## Work to be completed
Leave the pictures in the listing below aside and reproduce exactly the lines starting with the one with "Купить Чемодан пластиковый" and going on through the one with "大家好,乐天来为大家解答以下", both ends included.

## Given records
_____

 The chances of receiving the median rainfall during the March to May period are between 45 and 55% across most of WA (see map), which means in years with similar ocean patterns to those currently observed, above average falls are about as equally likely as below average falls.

_____

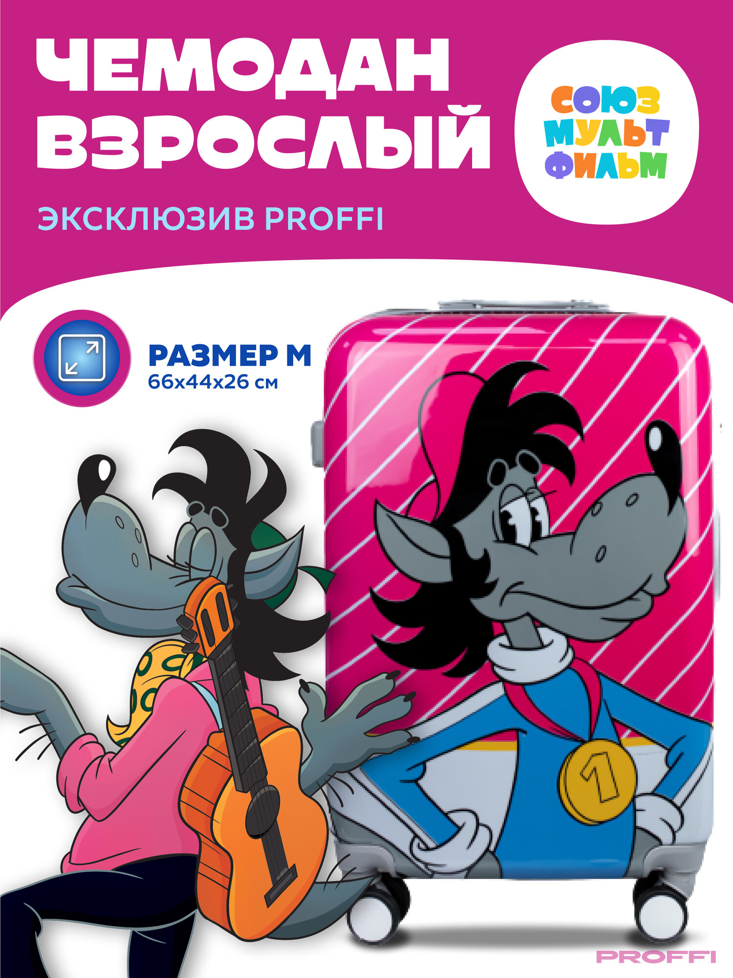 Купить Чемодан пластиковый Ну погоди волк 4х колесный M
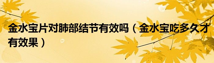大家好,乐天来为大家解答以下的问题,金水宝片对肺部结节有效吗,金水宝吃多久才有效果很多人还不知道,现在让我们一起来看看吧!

_____

## Response box
 Купить Чемодан пластиковый Ну погоди волк 4х колесный M
大家好,乐天来为大家解答以下的问题,金水宝片对肺部结节有效吗,金水宝吃多久才有效果很多人还不知道,现在让我们一起来看看吧!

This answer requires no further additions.